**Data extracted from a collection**
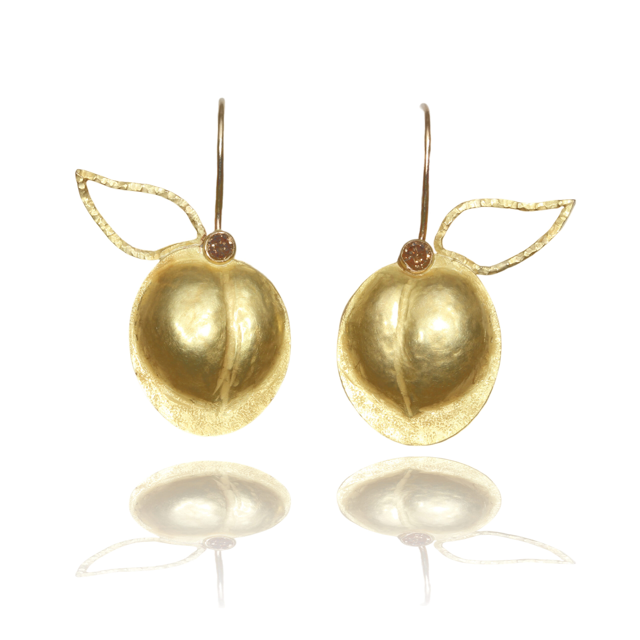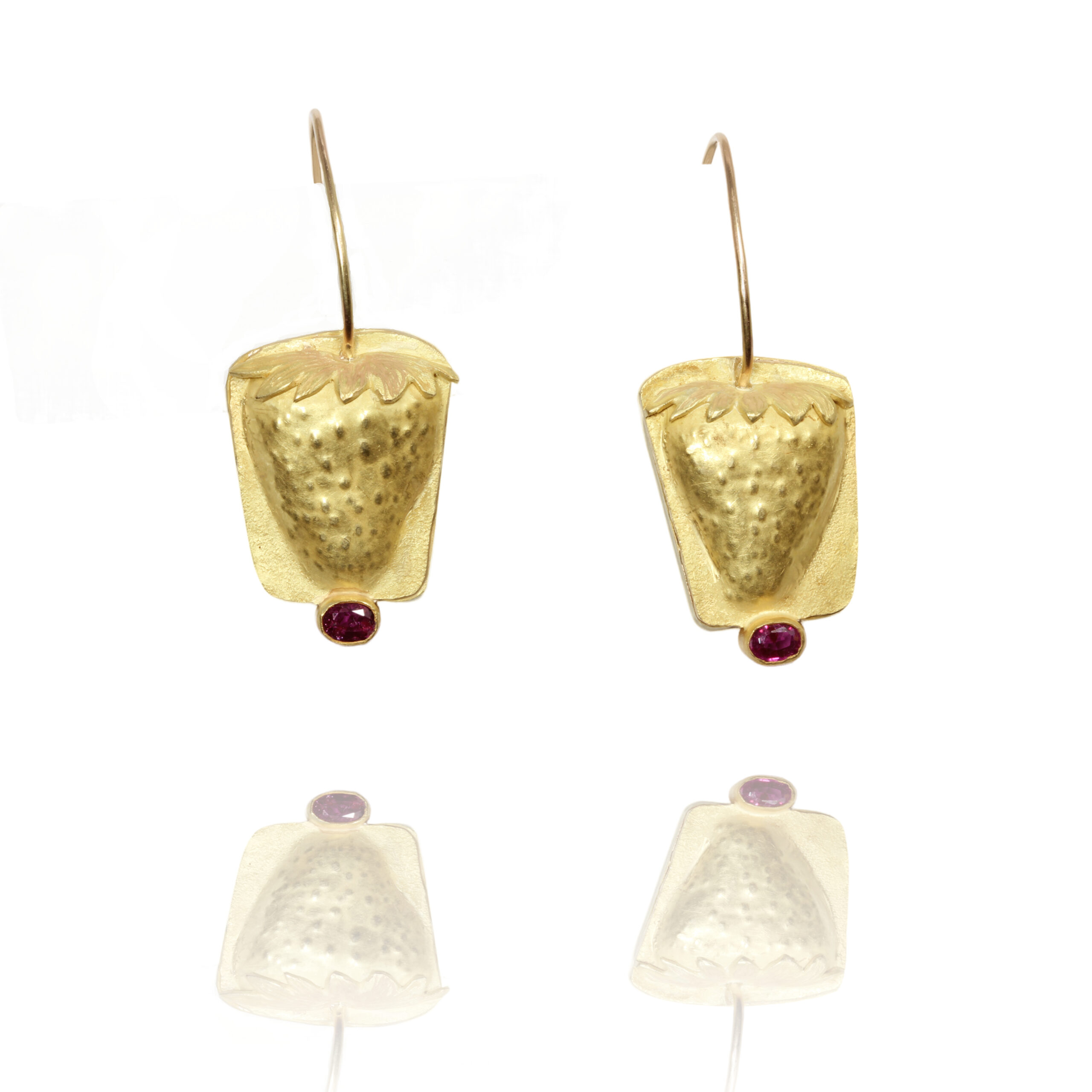 These simple little repoussé strawberry earrings have oval rubies on the bottom.
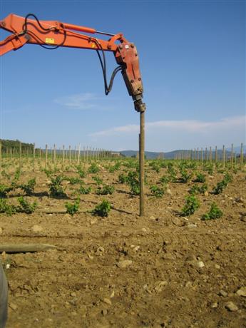 Messa a dimora di pali intermedi di pino trattato - Azienda Camillano Diffusione S.r.l., Moltacino (Toscana).
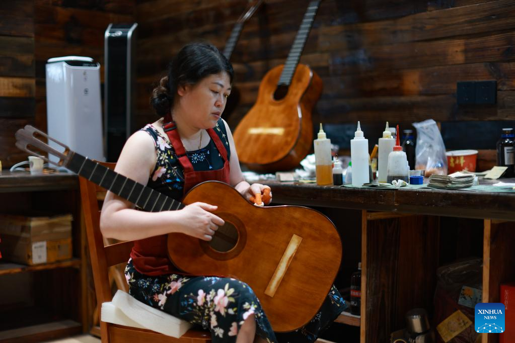 A worker tunes a guitar at the Zheng'an Guitar Industrial Park in Zheng'an County, southwest China's Guizhou Province, June 7, 2023.
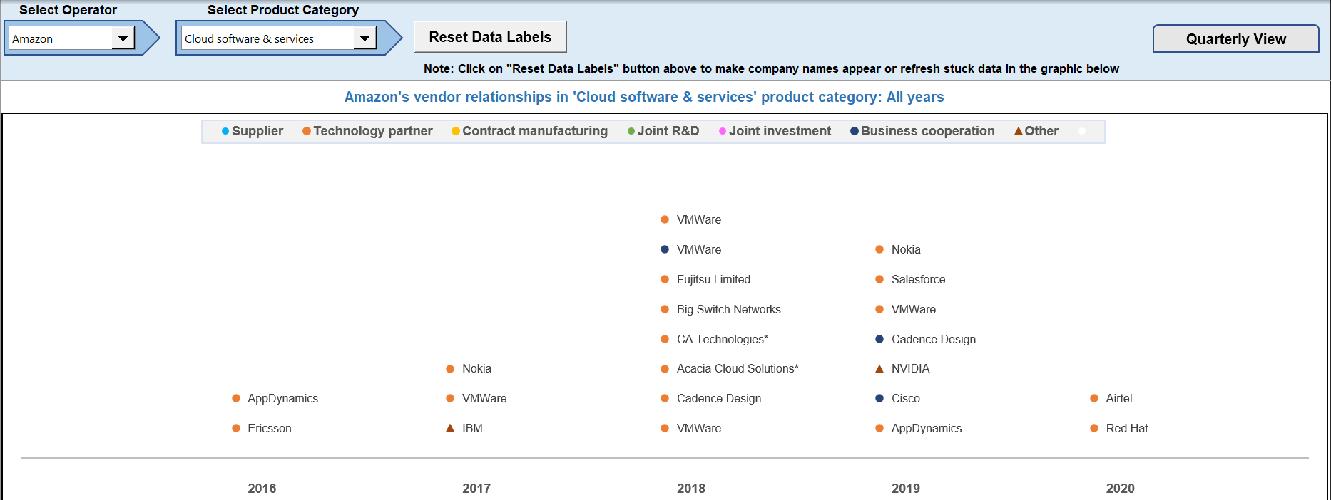 • Historical timeline of vendor relationships for a selected product category
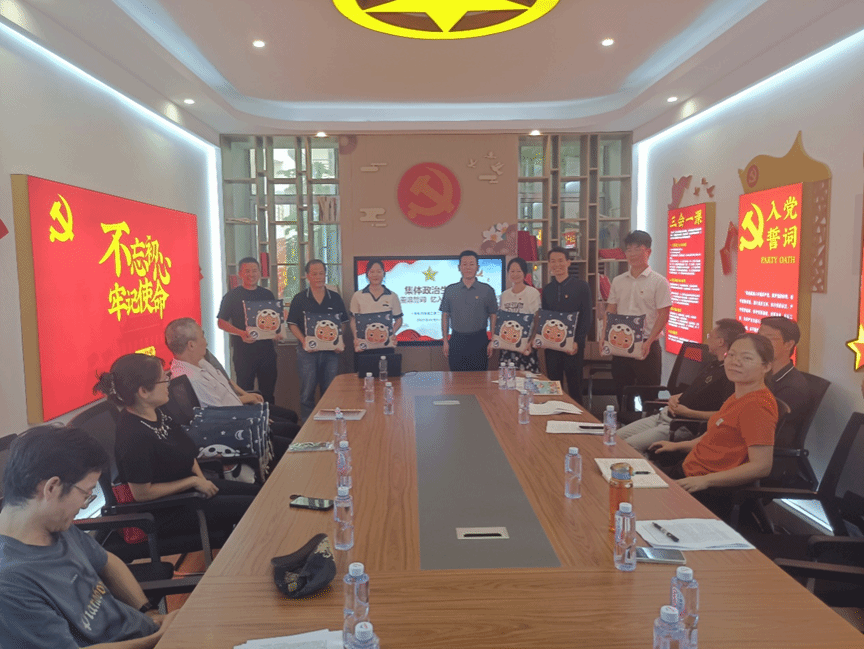 随后,党支部开展集体政治生日主题活动。活动中,党支部书记带领支部成员重温入党誓词,回顾政治生涯,激励前行步伐,并赠送学院文创产品“党e宝抱枕”。

**WHAT THIS TASK INVOLVES**
No pictures belong in the output. Restate word for word only the lines from the one containing "selected product category" to the end of the entries above.

**COMPLETED EXERCISE**
 • Historical timeline of vendor relationships for a selected product category
 随后,党支部开展集体政治生日主题活动。活动中,党支部书记带领支部成员重温入党誓词,回顾政治生涯,激励前行步伐,并赠送学院文创产品“党e宝抱枕”。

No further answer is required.